> _WHAT THIS TASK INVOLVES_:
Print out the data exactly, keeping every image out of it.

> _DATA_:
============

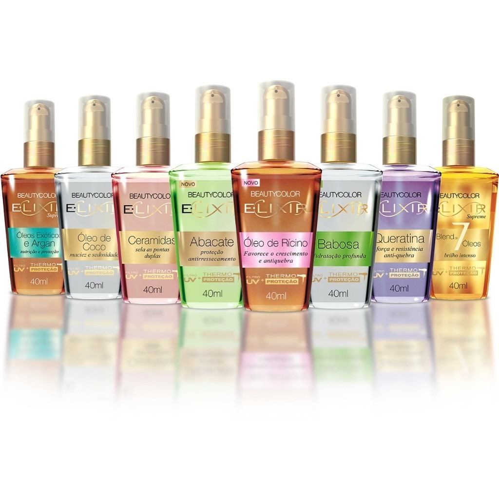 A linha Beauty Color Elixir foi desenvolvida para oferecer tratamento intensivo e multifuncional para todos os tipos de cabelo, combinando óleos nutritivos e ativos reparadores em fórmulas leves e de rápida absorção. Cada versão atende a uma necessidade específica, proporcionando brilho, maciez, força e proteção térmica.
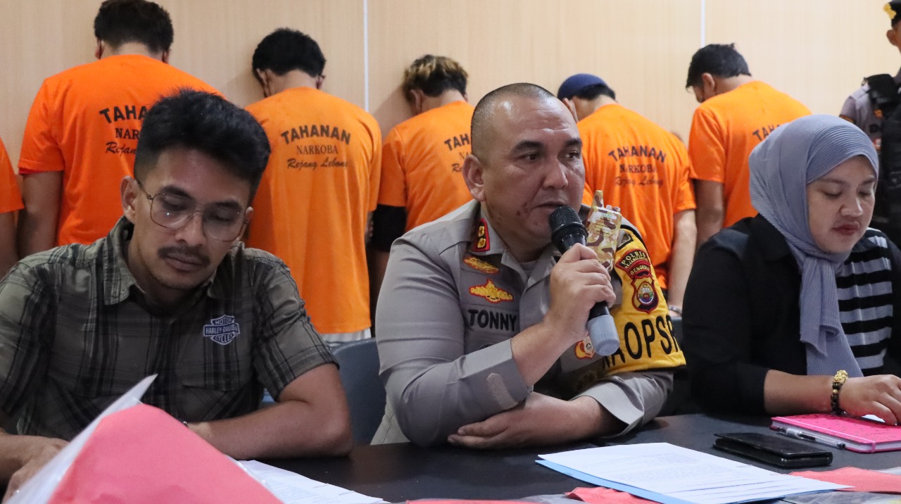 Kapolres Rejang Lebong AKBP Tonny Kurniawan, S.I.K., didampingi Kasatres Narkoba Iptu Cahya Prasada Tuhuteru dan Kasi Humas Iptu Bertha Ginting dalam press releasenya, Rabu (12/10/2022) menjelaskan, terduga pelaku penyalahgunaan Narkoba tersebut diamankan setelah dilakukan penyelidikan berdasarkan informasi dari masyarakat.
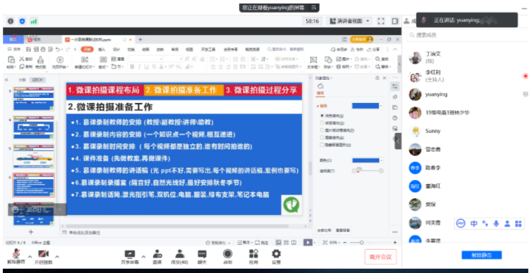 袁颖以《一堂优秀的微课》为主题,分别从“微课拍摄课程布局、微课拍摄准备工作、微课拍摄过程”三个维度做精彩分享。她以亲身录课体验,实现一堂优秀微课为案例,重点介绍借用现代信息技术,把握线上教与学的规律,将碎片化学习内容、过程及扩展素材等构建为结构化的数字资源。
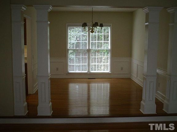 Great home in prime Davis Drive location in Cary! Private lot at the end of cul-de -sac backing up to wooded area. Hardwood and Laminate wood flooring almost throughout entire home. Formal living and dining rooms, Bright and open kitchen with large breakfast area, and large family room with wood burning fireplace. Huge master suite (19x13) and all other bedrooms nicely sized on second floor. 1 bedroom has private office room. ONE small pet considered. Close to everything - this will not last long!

============

> _PROBLEM SOLUTION_:
 A linha Beauty Color Elixir foi desenvolvida para oferecer tratamento intensivo e multifuncional para todos os tipos de cabelo, combinando óleos nutritivos e ativos reparadores em fórmulas leves e de rápida absorção. Cada versão atende a uma necessidade específica, proporcionando brilho, maciez, força e proteção térmica.
 Kapolres Rejang Lebong AKBP Tonny Kurniawan, S.I.K., didampingi Kasatres Narkoba Iptu Cahya Prasada Tuhuteru dan Kasi Humas Iptu Bertha Ginting dalam press releasenya, Rabu (12/10/2022) menjelaskan, terduga pelaku penyalahgunaan Narkoba tersebut diamankan setelah dilakukan penyelidikan berdasarkan informasi dari masyarakat.
 袁颖以《一堂优秀的微课》为主题,分别从“微课拍摄课程布局、微课拍摄准备工作、微课拍摄过程”三个维度做精彩分享。她以亲身录课体验,实现一堂优秀微课为案例,重点介绍借用现代信息技术,把握线上教与学的规律,将碎片化学习内容、过程及扩展素材等构建为结构化的数字资源。
 Great home in prime Davis Drive location in Cary! Private lot at the end of cul-de -sac backing up to wooded area. Hardwood and Laminate wood flooring almost throughout entire home. Formal living and dining rooms, Bright and open kitchen with large breakfast area, and large family room with wood burning fireplace. Huge master suite (19x13) and all other bedrooms nicely sized on second floor. 1 bedroom has private office room. ONE small pet considered. Close to everything - this will not last long!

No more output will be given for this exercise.